Desconforto como convite
No trabalho e na vida, o desafio já não é saber — é continuar aprendendo

(Crédito: Shutterstock)
No início, era a força física. Quem levantava mais peso, colhia mais. E isso bastava. Depois veio a era das máquinas, e quem dominava as engrenagens virou o dono do tempo. Agora, estamos em um momento curioso: as máquinas trabalham por nós, e ainda assim estamos bem… angustiados.
Por quê? Bem, praticamente todos os dias temos algo novo da tecnologia para aprender e incorporar. Rapidamente.

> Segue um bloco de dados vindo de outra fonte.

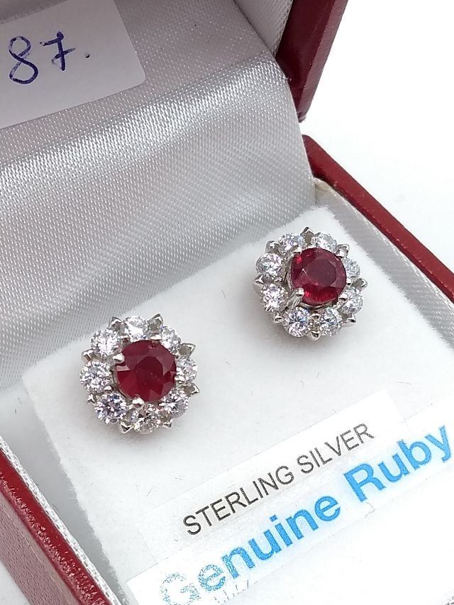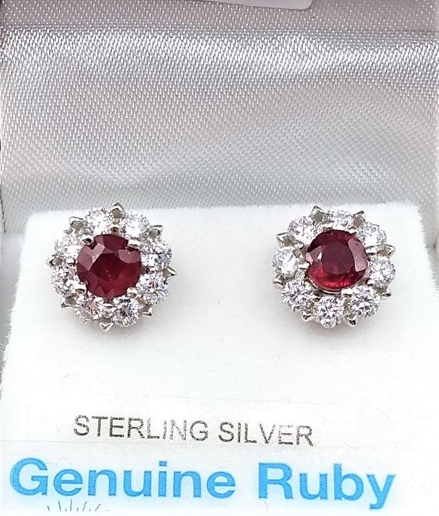 Sterling Silver 4.95mm x 4.95mm genuine Ruby (1.26cts) & CZ Earrings, With appraisal of $735.00...New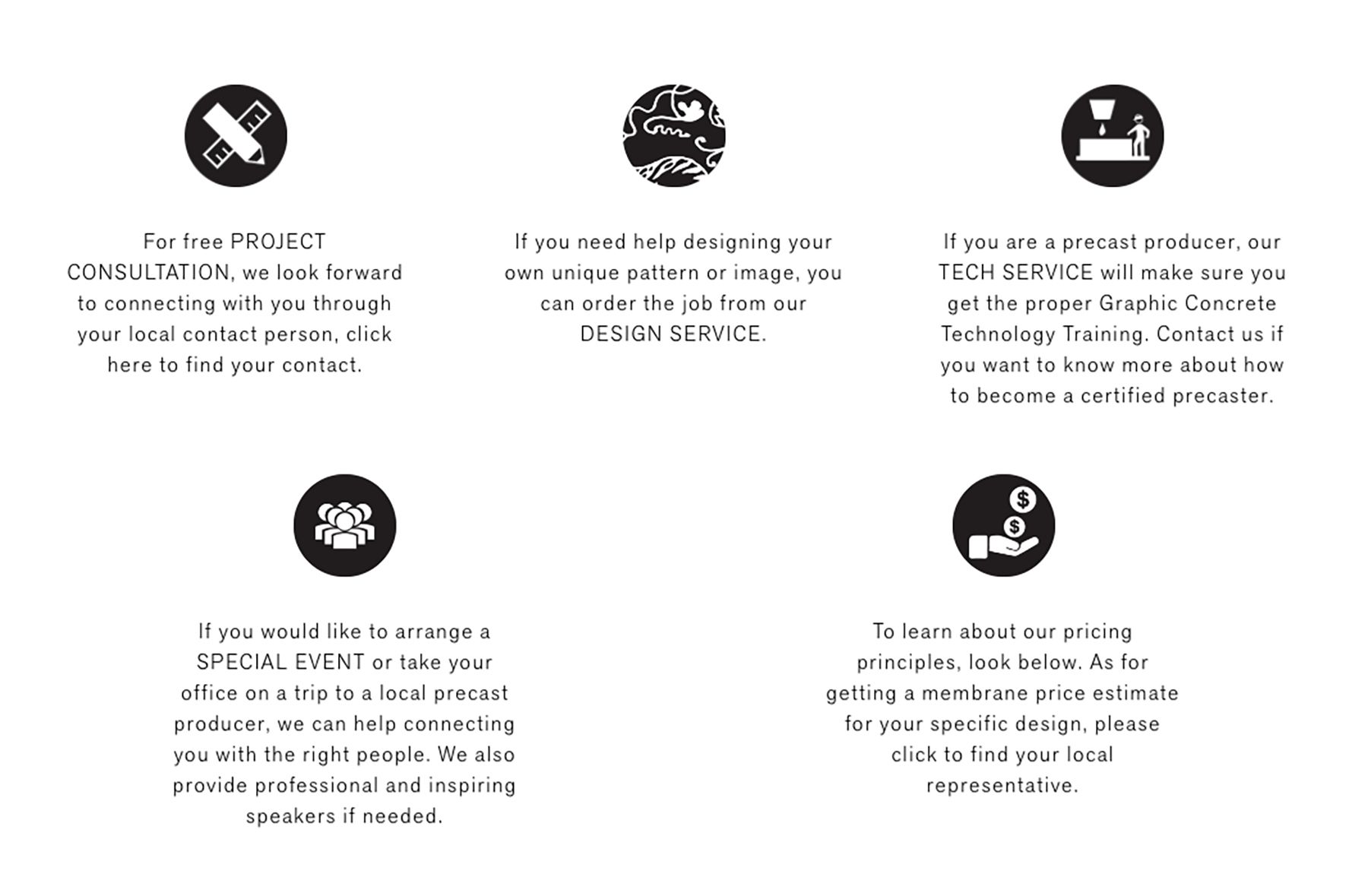 La membrana de Graphic Concrete se vende directamente a la fábrica local de prefabricados, que fija el precio del producto acabado de hormigón.

Vivemos uma transformação tecnológica sem precedentes. Se será uma revolução, só o tempo dirá. O que sabemos é que o valor de uma pessoa no mercado não depende mais da força ou da repetição, mas do que ela consegue aprender — e reaprender.
Curiosidade, para mim, é a palavra-chave. Como motor, a fome de aprender. Porque, neste ritmo de mudança, o mindset de aprendizado contínuo deixou de ser diferencial e virou questão de sobrevivência.
Antes, as grandes transformações levavam séculos. Agora, mal terminamos de nos adaptar e há algo novo. Eu, na casa dos 50 anos e com 30 de carreira, sinto isso na pele. Surgem termos, ferramentas, siglas, e percebo que ainda não domino algumas. No começo, dá um certo desespero. Depois, respiro. Porque percebo que esse desconforto é um convite.
Descobri que há um poder em admitir o que não sei. É libertador. Quase todo mundo sente o mesmo, só que poucos assumem.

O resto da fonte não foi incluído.